I'll offer a totally different perspective.

I'm in the camp that vastly prefers to "exchange" using the DC Points system rather than II. If I could have enrolled a post-2010 resale week, I would have bought an Every Year resale unit at Maui Ocean Club instead of the EOY we just bought. I bought EOY so I could just use it EOY and not have to worry about exchanging in the years we don't go to Maui. I didn't even open an II account for that week. But if had had the option to convert that week to points in the years we don't go to Maui, I would love that.

I've traded our enrolled Barony Beach Club week twice (2017 week and 2018 week) through II just because it offered a better value than exchanging for points, but those exchanges have just reinforced my dislike for the "Deposit and Wait for a Match" timeshare exchange model. We got what we wanted - HHI Grande Ocean - with the 2017 week (although that trade got cancelled by Hurricane Irma and we've rebooked a replacement week for Palm Desert this coming November), and we're on deposit waiting for a fall 2019 trade to Newport Coast with the 2018 week, but I just dislike that whole II exchange process. Electing for points is not as financially attractive because that Silver Barony week is not an efficient point generator per maintenance fee dollar, but I'm willing to take the $$ hit to gain the better, easier, and more flexible booking approach of DC Points. We elected for points in 2019 and will likely do so again for 2020 and beyond.

If we can ever find a way to enroll the EOY Maui week and/or get more points, I'll probably sell the Barony week.

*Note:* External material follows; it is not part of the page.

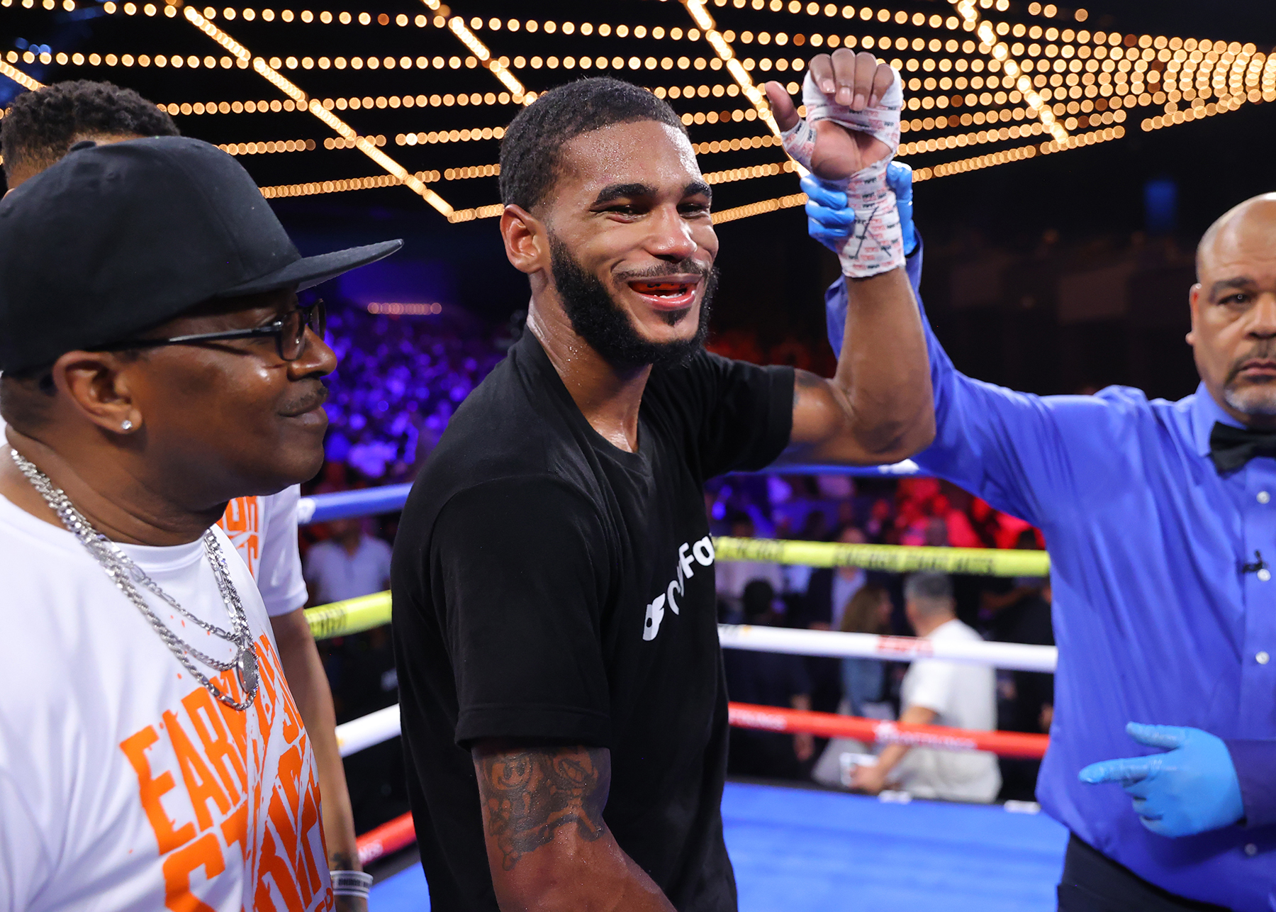De Gracia got the assignment on less than a week’s notice but had been in training camp for more than six weeks. He proved to be a tough riddle in the early rounds, but Carrington slowly but surely found his groove. In the fifth, a cuffing right hand to the ear dropped De Gracia, and it was only a matter of time. A right sent De Gracia down and nearly through the ropes in the seventh. With De Gracia in full retreat mode in the eighth, Carrington poured on the punishment until Eric Dali waved it off.
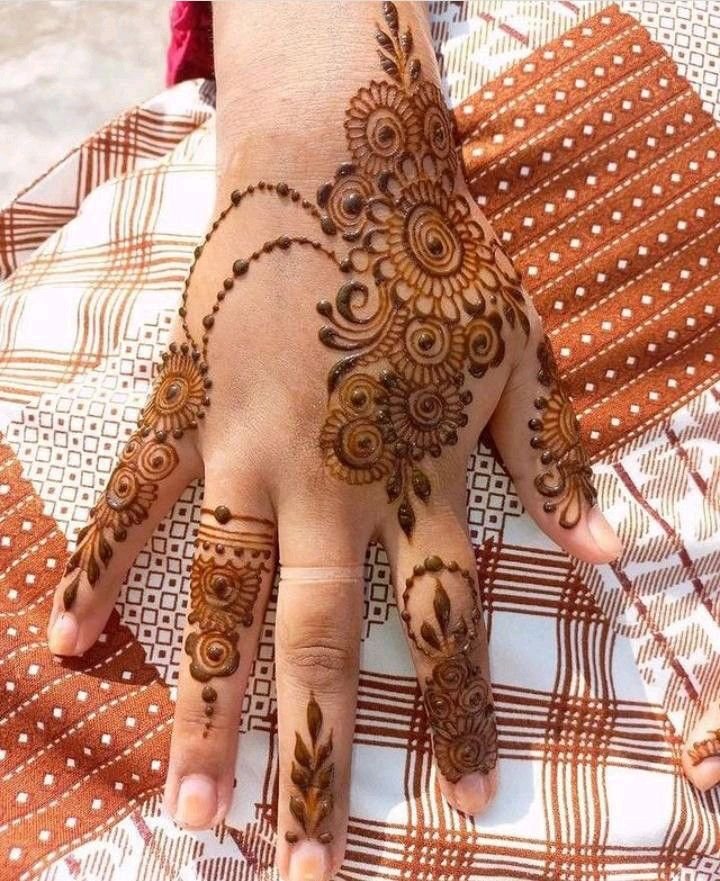 A small floral motif placed in the center of the palm creates a soft and feminine look. Simple petals, leaves, and dots enhance the beauty while keeping the design light and elegant.

It seems to be a decent II trader, but if you don't like trading, it's just not worth it. It's easy and low stress to trade it to Gold season in HHI - and I would probably continue to be willing to do that kind of simple II trade - but we may buy a full vacation home in HHI, so the Barony week would become unnecessary for HHI access. At that point it just becomes either a general trader or DC point generator for us.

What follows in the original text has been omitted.